EXERCISE
Skip every picture, and copy exactly the lines from the one containing "お次は、水入りペットボトルを使って上半身を鍛えましょう" to the end of the data.

(Collection entries)
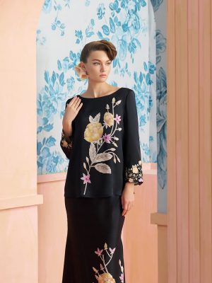 Carefully curated batik on satin silk with the delicate sulam goyang detailing .
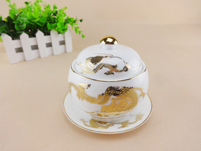 包邮餐厅酒店陶瓷餐具黄金龙隔水炖盅燕窝盅汤盅罐翅盅...
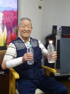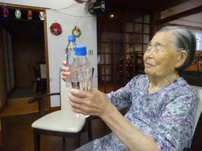 お次は、水入りペットボトルを使って上半身を鍛えましょう
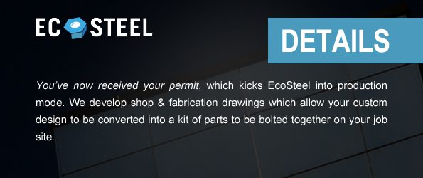 EcoSteel’s prefab construction process begins with 3D Engineering/Modeling and Shop Details. We then produce a pre-fabricated kit of parts that assembles on site. Our clients benefit by using Prefab technology and readily available materials and labor.
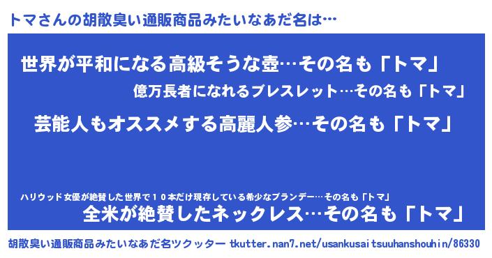 | ヘコむあだ名 | 『レバニラ』『トマっぺ』『トマにー』 |
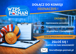Wielkopolski Związek Piłki Siatkowej zaprasza do współpracy w Komisji Odznaczeń! Poszukujemy osób, które chcą zaangażować się w działalność organizacyjną na rzecz środowiska siatkarskiego w Wielkopolsce.
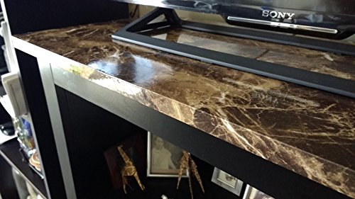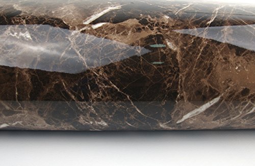 Marble Look Contact Paper Film (Brown, 24" X 118" Roll, High Glossy) Granite Effect Vinyl Self Adhesive Peel-stick Brown Counter Top (2 X 9.84 ft)

EXERCISE ANSWER
 お次は、水入りペットボトルを使って上半身を鍛えましょう
 EcoSteel’s prefab construction process begins with 3D Engineering/Modeling and Shop Details. We then produce a pre-fabricated kit of parts that assembles on site. Our clients benefit by using Prefab technology and readily available materials and labor.
 | ヘコむあだ名 | 『レバニラ』『トマっぺ』『トマにー』 |
Wielkopolski Związek Piłki Siatkowej zaprasza do współpracy w Komisji Odznaczeń! Poszukujemy osób, które chcą zaangażować się w działalność organizacyjną na rzecz środowiska siatkarskiego w Wielkopolsce.
 Marble Look Contact Paper Film (Brown, 24" X 118" Roll, High Glossy) Granite Effect Vinyl Self Adhesive Peel-stick Brown Counter Top (2 X 9.84 ft)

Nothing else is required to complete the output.